La inversión requiere dinero, y a medida que aumentaba la producción, sus fondos ahora claramente comenzaban a ser insuficientes.
Dentro de la villa, Qin Hao se sentó en el sofá frunciendo el ceño en profundo pensamiento. ¿Dónde podría conseguir el dinero?
La producción de pistolas láser podría no necesitar aumentarse más. La cantidad actual era suficiente, pero la producción de robots de combate, aviones de combate aéreos y Mechas no podía detenerse.
Un portaaviones interestelar podría al menos llevar trescientos mil robots de combate y quinientos mil aviones de combate aéreos. Esta era una fuerza militar capaz de conquistar un planeta, increíblemente aterradora.
Mientras reflexionaba frunciendo el ceño, Du Wanrou entró desde afuera:
—¿Pensando en dinero?
Qin Hao asintió ligeramente:
—Wan Rou, ¿dónde crees que deberíamos ir para ganar dinero?
Du Wanrou dijo:
—El mercado en el Continente Occidental no ha sido completamente explotado.
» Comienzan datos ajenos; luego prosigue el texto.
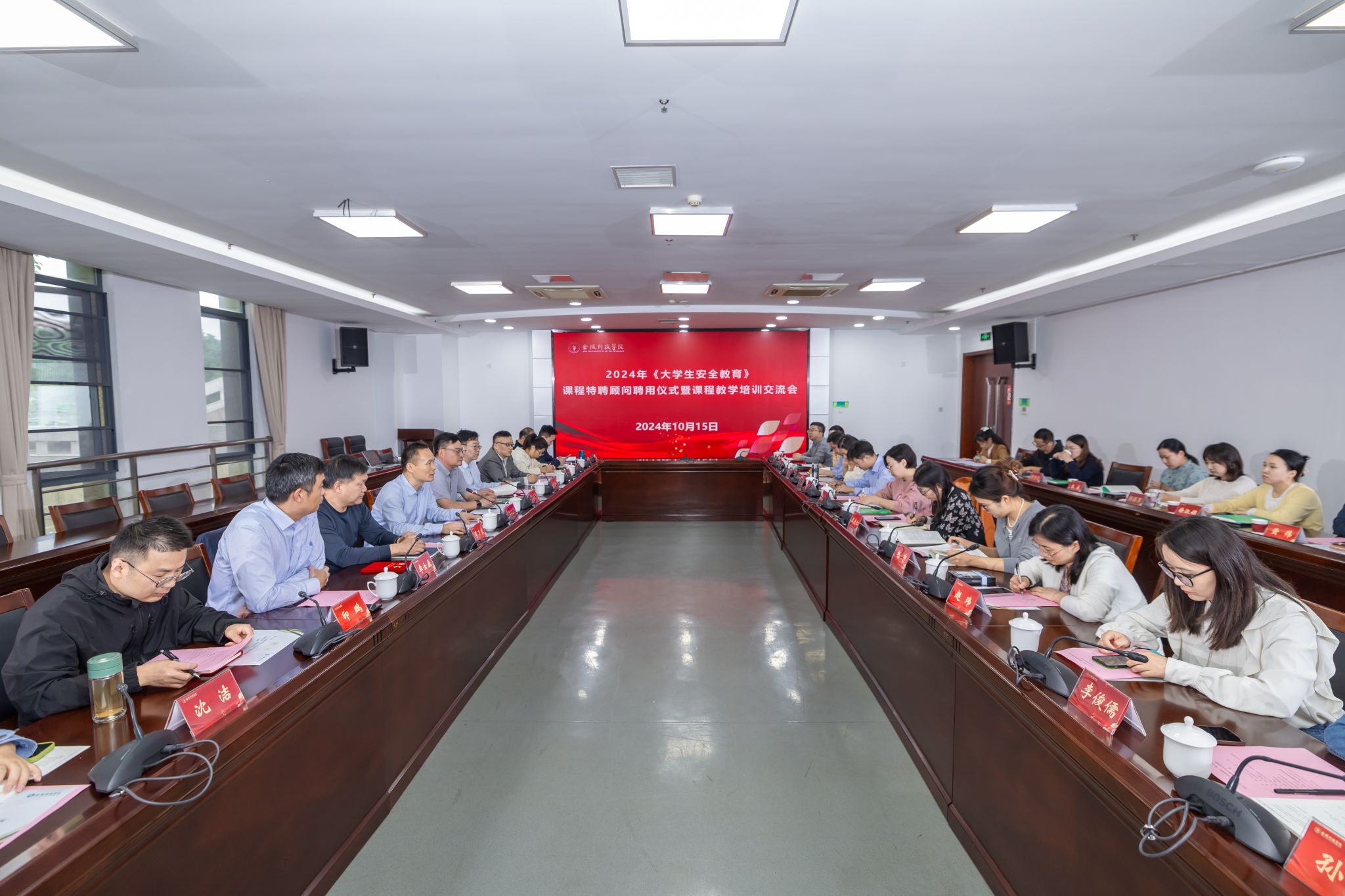 10月15日下午,sjb世俱杯2024年《大学生安全教育》课程特聘顾问聘用仪式暨课程教学培训交流会在图书馆第一报告厅举行。南京市公安局江宁分局政保大队一级警长罗卫东、中国药科大学保卫处处长范素文应邀参会,副校长王延光出席会议并讲话,2024年《大学生安全教育》课程全体任课教师参加会议。会议由保卫处处长骆德军主持。
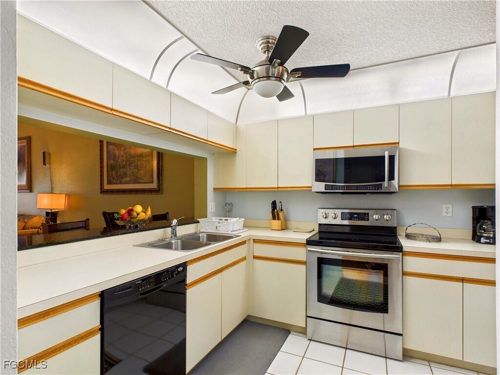 Enjoy this first-floor condo in North Naples. The open den features a futon while the primary bedroom has a king bed and guest bedroom has 2 twins. The screened lanai overlooking the lake is the perfect way to enjoy the sunrise or sunset. And walk around the lake to the pool to meet your neighbors for an afternoon in the sun.

Si suministras más chips, la ganancia podría ser mayor. Además, el Estado Lijia aquí es demasiado pobre para hacer negocios, pero los más ricos siguen siendo las naciones. Es más rápido hacer dinero si cooperas con ellos.
Qin Hao respondió:
—Si solo se trata de establecer bases de defensa militar en sus países, no estarán de acuerdo. Definitivamente también quieren control. Si está en mis manos, sería como si hubieran colocado su seguridad nacional en mis manos.
Du Wanrou sonrió y dijo:
—El Continente Oriental está actualmente en un conflicto intenso con la Región Negra del Continente Occidental. Podemos contactar a algunas de las partes involucradas, luego venderles o alquilarles nuestras armas.
—¿Alquilar? ¿Alquilar armas? —Qin Hao reflexionó sobre sus palabras, lo cual parecía una buena idea.
Justo entonces, su teléfono sonó repentinamente. Era una llamada de Han Meng:
—Meng, ¿qué pasa?
Con voz gentil, Han Meng dijo:
—Xiao Hao, esa Li Xixue tiene algo que decirte.
Poco después, la llamada de Li Xixue pasó al teléfono:
—Maestro, los resultados de las elecciones han salido. Lo conseguimos.